Opinion
# 2014-028-504 Claim No. 121331 Motion No. M-83787
02-04-2014
Claimant's attorney: DAVID J. PAJAK, ESQ. Defendant's attorney: KAUFMAN DOLOWICH & VOLUCK, LLP BY: Michael V. DeSantis, Esq.
Synopsis
Motion to amend the answer is denied as GOL § 9-103 does not have to be pled as an affirmative defense; motion to compel discovery of Claimant's social media accounts is granted to the extent that in camera inspection of the information is ordered.
Case information
UID: 2014-028-504 Claimant(s): TRAVIS W. HINCHEY Claimant short HINCHEY name: Footnote (claimant name) : Defendant(s): THE STATE OF NEW YORK Footnote The caption of this action is amended sua sponte to reflect (defendant name) : the State of New York as the only properly named defendant. Third-party claimant(s): Third-party defendant(s): Claim number(s): 121331 Motion number(s): M-83787 Cross-motion number(s): Judge: RICHARD E. SISE Claimant's DAVID J. PAJAK, ESQ. attorney: Defendant's KAUFMAN DOLOWICH & VOLUCK, LLP attorney: BY: Michael V. DeSantis, Esq. Third-party defendant's attorney: Signature date: February 4, 2014 City: Albany Comments: Official citation: Appellate results: See also (multicaptioned case) Decision
The following papers were read on Defendant's motion for on order granting permission for Defendant to file an Amended Answer and compelling Claimant to respond to a specific discovery demand:
1. Notice of Motion and Supporting Affirmation of Michael V. DeSantis, Esq., with annexed Exhibits;
2. Affirmation in Opposition of David J. Pajak, Esq, with annexed Exhibits; and
3. Reply Affirmation of Michael V. DeSantis, Esq.
Filed papers: Claim -Answer
This claim arose on December 18, 2010 on a snowmobile trail in Martinsburg, New York, that is alleged to be owned and operated by the New York Department of Parks, Recreation and Historic Development. At approximately 3:00 p.m. on that date, Claimant alleges that his snowmobile struck a low-lying boulder or large rock which was concealed by snow within the operating path of the trail. Claimant asserts that Defendant was negligent in failing to maintain the trail and keep it in a reasonably safe condition.
Defendant raised 12 affirmative defenses in its answer and subsequently sought Claimant's stipulation to amend the answer to add an additional defense based on General Obligations Law (GOL) § 9-103. Claimant denied that request, and Defendant has now moved for the Court's permission to make such an amendment. In addition, Defendant has moved to compel Claimant to comply with its request for authorizations granting Defendant full access to Claimant's social media website pages.
Another discovery dispute arose concerning certain other demands contained in Defendant's Demand for a Verified Bill of Particulars but it appears that those disputes were resolved by letter responses provided by Claimant (DeSantis affirmation, Exhibits I and J)
Application for Leave to Amend Answer
With respect to Defendant's motion for permission to amend its answer, both parties discusss, in great detail, whether GOL § 9-103 applies to the circumstances of this case (see DeSantis affirmation, ¶¶ 35-45; Exhibit K [Pajak letter dated April 15, 2013]; Pajak affirmation, ¶¶ 4-15, Exhibit D [Pajak letter dated May 8, 2013]; DeSantis reply affirmation, ¶¶ 4-18).

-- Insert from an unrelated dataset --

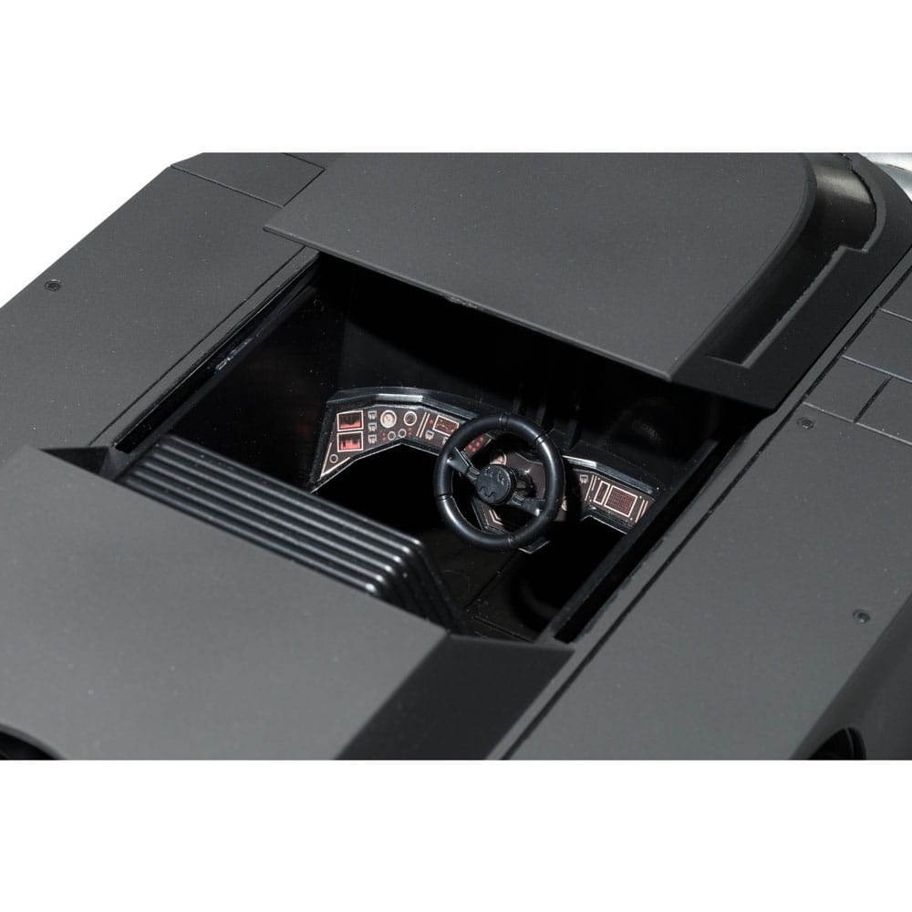 Deze 58cm lange Batmobile is gebaseerd op de Batmobile uit DC Rebirth. Met een druk op de knop opent de cockpit die ruimte biedt aan een 18cm hoog McFarlane figuur. De cockpit is voorzien van veel details net als de buitenkant van het voertuig.

Briefly stated, GOL § 9-103 limits the duty owed by the owners and lessees of certain land to individuals who are engaged in recreational activities on their land. One of the activities enumerated in the statute is operation of snowmobiles. As a general proposition, this statute's protection is available if the defendant landowner can establish that "(1) the plaintiff is engaged in one of the activities identified in Section 9-103 and (2) the plaintiff is recreating on land suitable for that activity" (Bragg v Genesee County Agric. Socy., 84 NY2d 544, 551-552 [1994]). The statute itself contains some exceptions, however, and courts have recognized others, with the result that a number of other factors that must be considered before a final determination can be made as to whether the statute is applicable in any given situation. These factors include the recreational activity in question, the suitability of the property for such activity, whether or not the property is posted, whether permission or an invitation is given by the landowner or lessee, if there is any maintenance and supervision of the property for such purposes, whether a fee or other compensation is charged for use of the land and if so to whom or by whom such consideration is paid, and whether the risk of danger was created by some affirmative action on the part of the landowner. In other words, the facts of each situation must be considered in some detail to determine whether GOL § 9-103 is relevant to a particular action.
Although this issue arises here in the context of a motion to amend an answer, both parties apparently expect this Court to make a final ruling on the statute's applicability, relying on facts that are asserted by counsel and in some cases supported by documents annexed as exhibits. There is only passing reference to the threshold question: whether the statute is required to be pled as an affirmative defense. As it turns out, there is no such requirement. In Ferres v City of New Rochelle (68 NY2d 446, 450 [1986]), the Court of Appeals held, without qualification, that GOL § 9-103 is not an affirmative defense that must be pled: "If the statute is applicable, its sole effect is to establish the substantive law defining the extent of the duty owed to plaintiff" (accord Chiarini ex rel. Chiarini v County of Ulster, 9 AD3d 769, 770 [3d Dept 2004]; Telfer v Gunnison Lakeshore Orchards, 245 AD2d 620, 621, n1 [3d Dept 1997]; Blair v Newstead Snowseekers, Inc., 6 Misc 3d 843, 845, [Sup Ct, Erie County 2005] [S]ection 9-103 defines the scope of a landowner's duty rather than a defense to that duty"]).
Determining the applicability of GOL § 9-103 is "a fact-driven analysis," relying on "evidentiary proof providing a factual framework for analyzing [its] applicability" (Chiarini ex rel. Chiarini v County of Ulster, 9 AD3d at 770, supra). Consequently, a final determination may appropriately be made in response to a motion for summary judgment, which is brought after discovery has been completed and all relevant evidence can be presented, or, as has happened in the past, in the context of a motion to dismiss an affirmative defense, where such a defense has been pled without objection (see, e.g., Myers v State of New York, 11 AD3d 1020 [4th Dept 2004]; Arquette v State of New York, 190 Misc 2d 676 [Ct Cl 2001]; Chapman v State of New York , UID No. 2001-005-506 [Ct Cl, Corbett, J., March 19, 2001].) A motion to strike an affirmative defense, like a motion for summary judgment, "searches the record and puts in issue the legal sufficiency of the complaint itself" (Rand v Hearst Corp., 31 AD2d 406, 408 [1st Dept 1969], affd 26 NY2d 806 [1970]; Delaine v Finger Lakes Fire & Cas. Co., 23 AD3d 1143, 1144 [4th Dept 2005]; Mojica v New York City Tr. Auth., 117 AD2d 722 [2d Dept 1986]). A motion for permission to amend a pleading does not.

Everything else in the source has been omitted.